Created attachment 413694 [details, diff] Remove spurious \n to fix udev rule generation libfprint generates 60-fprint-autosuspend.rules for all supported devices, however there's a spurious \n before the ', MODE="0666"' which results in it appearing on a new line after the match criteria. At least on current systemd/udev this results in MODE="0666" being applied unconditionally to all device nodes. This is an extremely serious security problem and effectively gives root access to all users simply by having the ebuild emerged.

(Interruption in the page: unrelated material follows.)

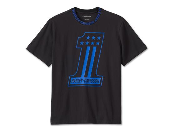 Mit unserem #1 Racing Short Sleeve T-Shirt ist beeindruckender Stil ein Kinderspiel. Gefertigt in entspannter Passform aus schwerem Jersey aus Baumwolle. Für einen gehobenen Look verfügt dieses Herren-T-Shirt über unser Branding auf einem Halsausschnitt aus Intarsien-Strick. Die Rückseite ist frei gehalten, damit unser #1 Logo die ganze Aufmerksamkeit auf sich ziehen kann. Kleine Geschichtslektion: Dieses Motiv feierte sein Debüt 1969 anlässlich unseres AMA Grand National Championship Titels.

Steven, thank you for this report. I am adding the security team to CC and also the security keyword so that this gets the correct attention. In the future, please add the PATCH and SECURITY keywords for bugs that contain patches and bugs that are security related respectively. This causes them to be prioritized by both the maintainer (because of the PATCH keyword) and security team (because of the SECURITY keyword).
I have the same issue. And its definitely a Critical security issue.
This is an unstable / testing version. Setting whiteboard to ~1
commit 7c64231d37ba906f77ddc02e8f67b6d784e69b1f Author: Lars Wendler <polynomial-c@gentoo.org> Date: Tue Feb 16 21:57:56 2016 sys-auth/libfprint: Security revbump fixing broken udev rule (bug #562218). Package-Manager: portage-2.2.27 Signed-off-by: Lars Wendler <polynomial-c@gentoo.org>
*** Bug 573366 has been marked as a duplicate of this bug. ***
Maintainer(s), Thank you for your work. No stable versions, closing as noglsa.